Task goal: What should be copied is the stretch of entries below from the line with "М. Караченцов и" up to and including the line with "Учения по территориальной", exactly and without images.

Extracted entries:
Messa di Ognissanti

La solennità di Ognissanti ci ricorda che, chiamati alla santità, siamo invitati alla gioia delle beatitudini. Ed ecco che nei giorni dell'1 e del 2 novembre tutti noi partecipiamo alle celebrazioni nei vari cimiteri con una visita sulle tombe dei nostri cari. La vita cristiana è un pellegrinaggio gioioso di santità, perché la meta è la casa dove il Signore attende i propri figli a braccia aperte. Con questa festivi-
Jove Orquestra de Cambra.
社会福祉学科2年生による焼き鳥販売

==

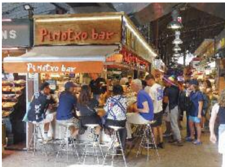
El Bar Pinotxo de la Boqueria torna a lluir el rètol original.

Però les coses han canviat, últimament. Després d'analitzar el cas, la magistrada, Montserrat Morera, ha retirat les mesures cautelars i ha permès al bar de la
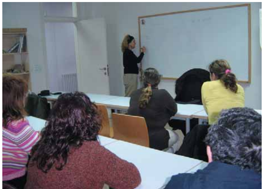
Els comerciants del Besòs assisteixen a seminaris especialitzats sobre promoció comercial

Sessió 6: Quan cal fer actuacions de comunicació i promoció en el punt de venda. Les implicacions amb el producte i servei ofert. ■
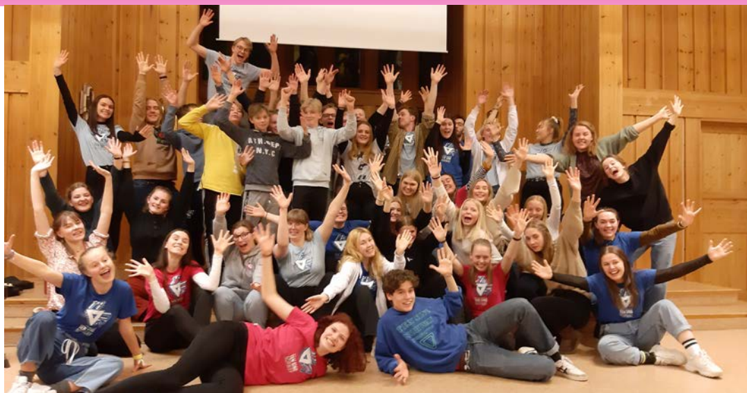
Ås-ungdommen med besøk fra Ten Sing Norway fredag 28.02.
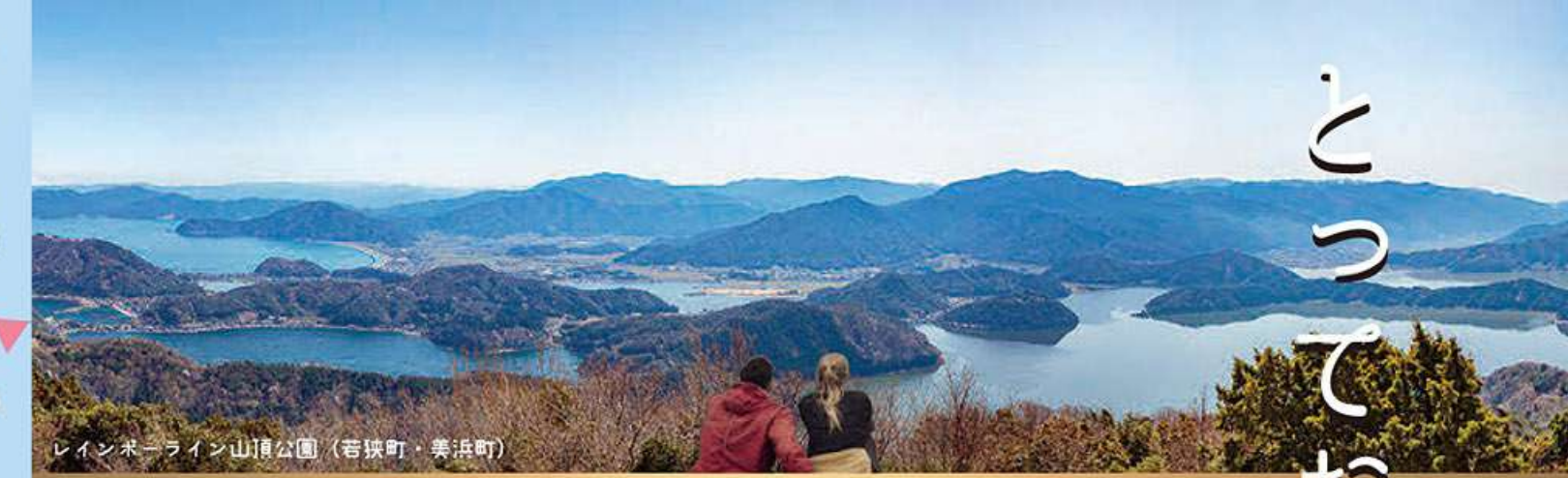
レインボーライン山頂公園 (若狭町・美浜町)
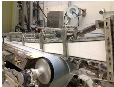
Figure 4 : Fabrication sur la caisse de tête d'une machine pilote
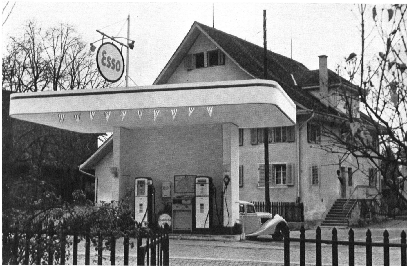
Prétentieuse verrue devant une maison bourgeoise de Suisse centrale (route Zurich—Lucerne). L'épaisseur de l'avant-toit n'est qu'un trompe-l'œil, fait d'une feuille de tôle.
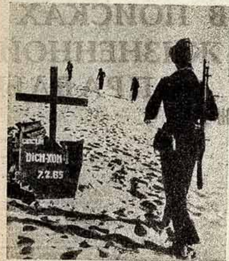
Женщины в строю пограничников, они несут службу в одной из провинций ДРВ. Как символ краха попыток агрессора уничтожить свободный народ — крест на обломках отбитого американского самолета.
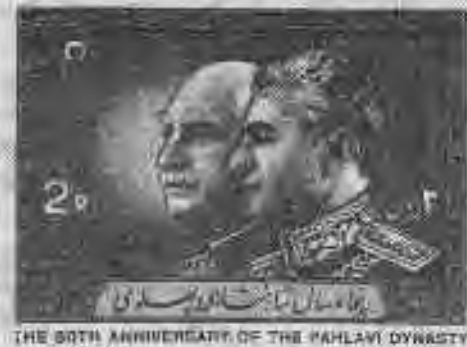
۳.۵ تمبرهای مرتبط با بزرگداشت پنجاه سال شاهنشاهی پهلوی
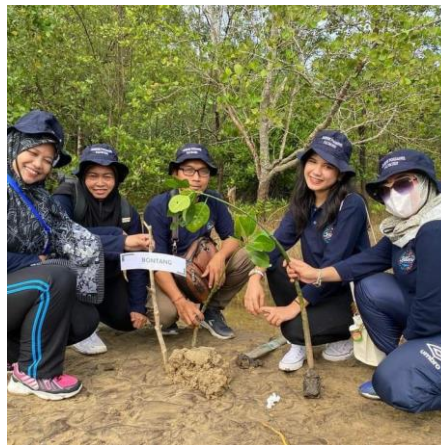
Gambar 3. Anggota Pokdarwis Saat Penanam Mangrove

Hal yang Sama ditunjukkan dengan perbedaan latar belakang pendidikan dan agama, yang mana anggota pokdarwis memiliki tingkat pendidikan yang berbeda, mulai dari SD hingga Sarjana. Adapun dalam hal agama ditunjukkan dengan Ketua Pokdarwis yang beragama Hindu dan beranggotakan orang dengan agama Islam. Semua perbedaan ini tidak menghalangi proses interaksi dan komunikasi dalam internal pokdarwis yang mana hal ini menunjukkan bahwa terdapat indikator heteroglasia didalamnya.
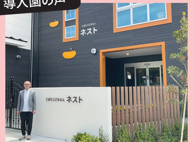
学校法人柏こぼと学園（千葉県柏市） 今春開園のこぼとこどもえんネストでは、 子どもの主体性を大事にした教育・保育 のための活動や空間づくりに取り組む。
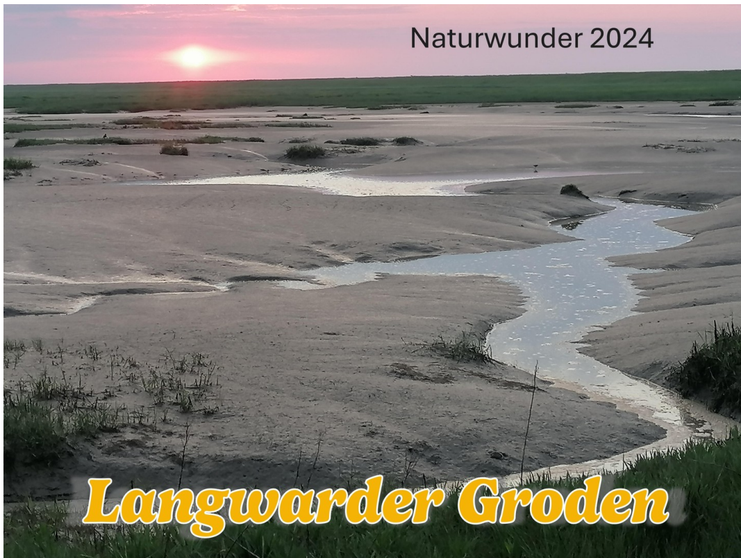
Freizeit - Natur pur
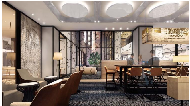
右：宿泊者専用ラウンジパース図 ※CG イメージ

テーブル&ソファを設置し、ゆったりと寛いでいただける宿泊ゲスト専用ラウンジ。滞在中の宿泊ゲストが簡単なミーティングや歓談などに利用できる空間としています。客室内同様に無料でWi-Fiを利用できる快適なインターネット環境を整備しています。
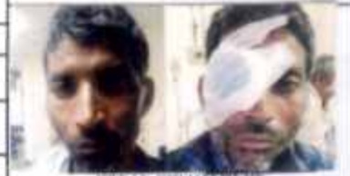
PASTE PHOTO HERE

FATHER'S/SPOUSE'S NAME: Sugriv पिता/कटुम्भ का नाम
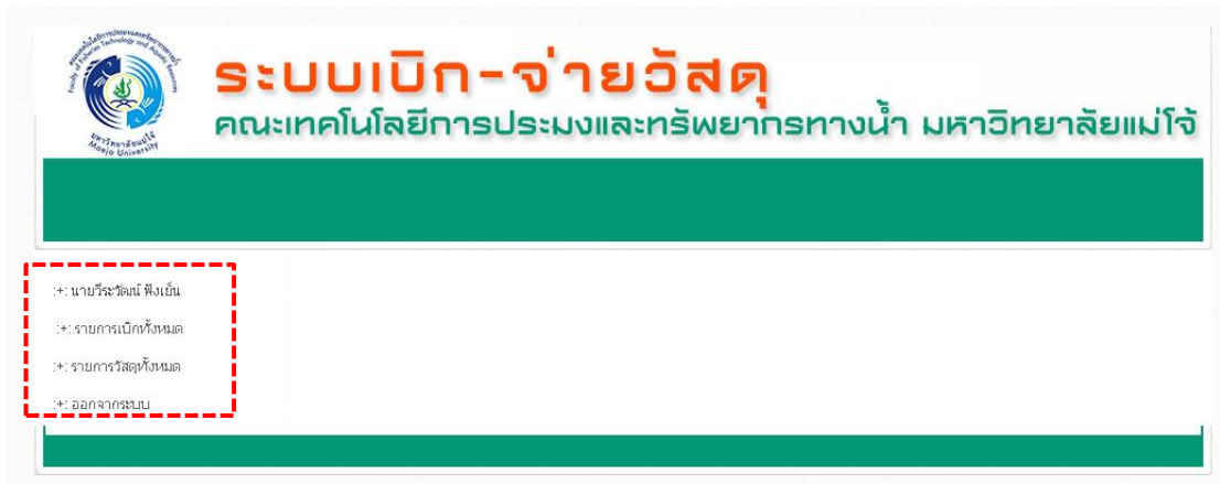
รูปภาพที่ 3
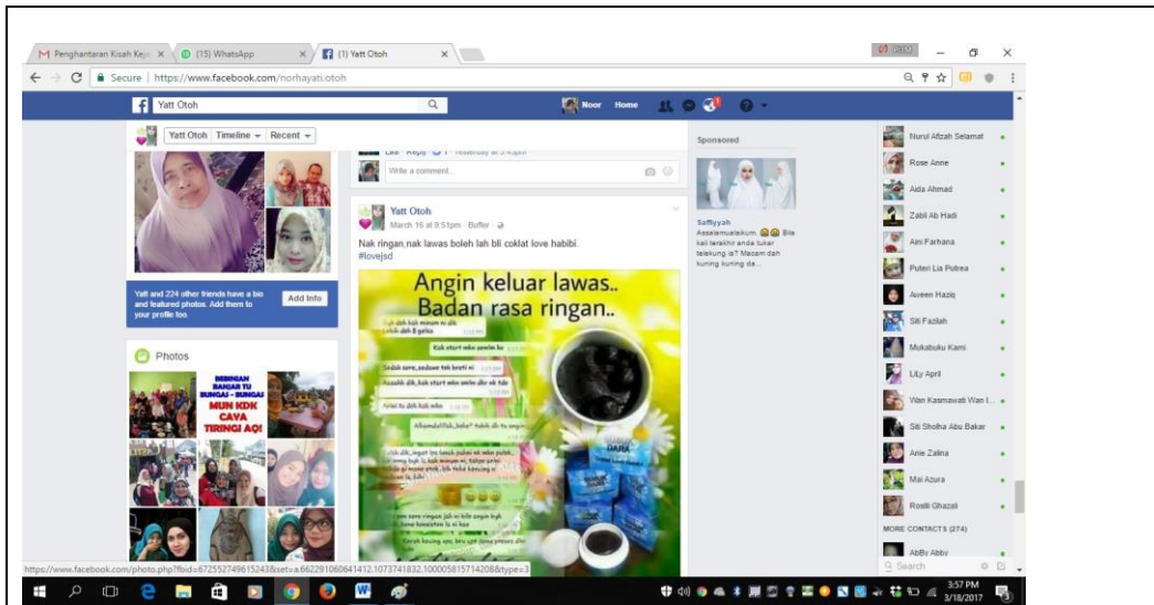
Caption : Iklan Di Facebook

---

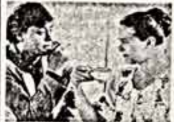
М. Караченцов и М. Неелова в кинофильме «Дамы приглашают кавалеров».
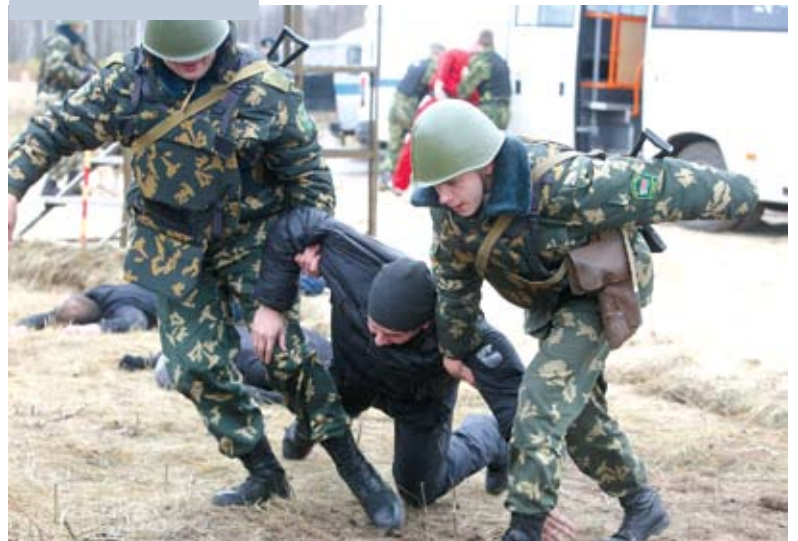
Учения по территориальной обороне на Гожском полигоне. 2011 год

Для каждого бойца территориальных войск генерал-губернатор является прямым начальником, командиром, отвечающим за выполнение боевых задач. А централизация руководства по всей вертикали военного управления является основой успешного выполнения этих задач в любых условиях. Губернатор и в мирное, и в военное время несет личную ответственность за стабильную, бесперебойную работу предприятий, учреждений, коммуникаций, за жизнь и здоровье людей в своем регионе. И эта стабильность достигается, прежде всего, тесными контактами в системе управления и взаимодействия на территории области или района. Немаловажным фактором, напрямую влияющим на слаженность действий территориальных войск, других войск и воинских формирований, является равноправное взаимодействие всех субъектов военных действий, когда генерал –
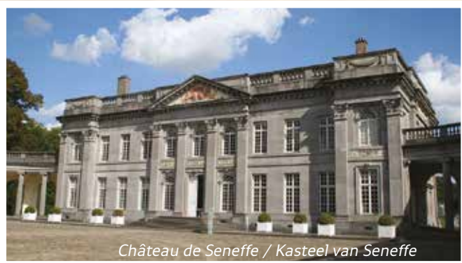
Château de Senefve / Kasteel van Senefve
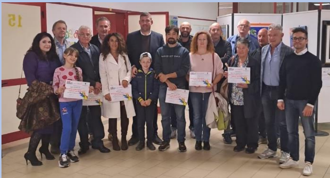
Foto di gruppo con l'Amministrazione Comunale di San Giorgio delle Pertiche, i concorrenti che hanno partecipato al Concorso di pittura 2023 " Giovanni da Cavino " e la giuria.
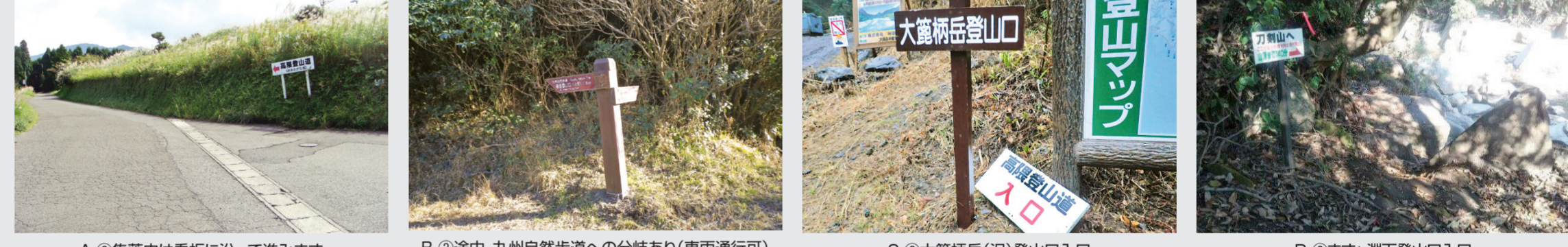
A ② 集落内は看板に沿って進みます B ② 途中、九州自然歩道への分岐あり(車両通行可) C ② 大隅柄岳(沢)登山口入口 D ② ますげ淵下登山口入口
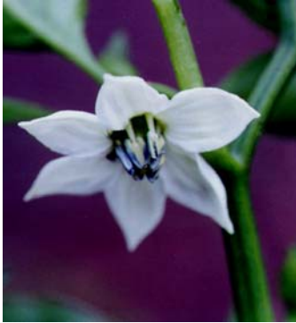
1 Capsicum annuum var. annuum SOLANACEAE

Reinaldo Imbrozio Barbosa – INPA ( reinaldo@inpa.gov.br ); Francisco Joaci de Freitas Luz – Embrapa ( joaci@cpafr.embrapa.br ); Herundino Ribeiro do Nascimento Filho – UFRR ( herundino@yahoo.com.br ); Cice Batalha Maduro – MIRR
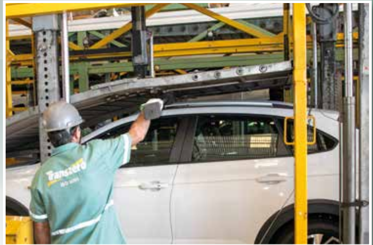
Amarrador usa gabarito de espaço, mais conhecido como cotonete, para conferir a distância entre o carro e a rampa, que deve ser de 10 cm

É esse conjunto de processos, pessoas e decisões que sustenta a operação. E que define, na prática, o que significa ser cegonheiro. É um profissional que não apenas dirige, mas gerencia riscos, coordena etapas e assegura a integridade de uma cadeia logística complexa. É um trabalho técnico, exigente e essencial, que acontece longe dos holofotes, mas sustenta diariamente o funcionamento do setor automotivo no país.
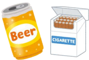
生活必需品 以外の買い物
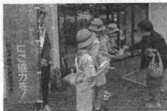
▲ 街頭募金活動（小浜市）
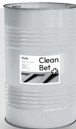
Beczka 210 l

Written response:
М. Караченцов и М. Неелова в кинофильме «Дамы приглашают кавалеров».
Учения по территориальной обороне на Гожском полигоне. 2011 год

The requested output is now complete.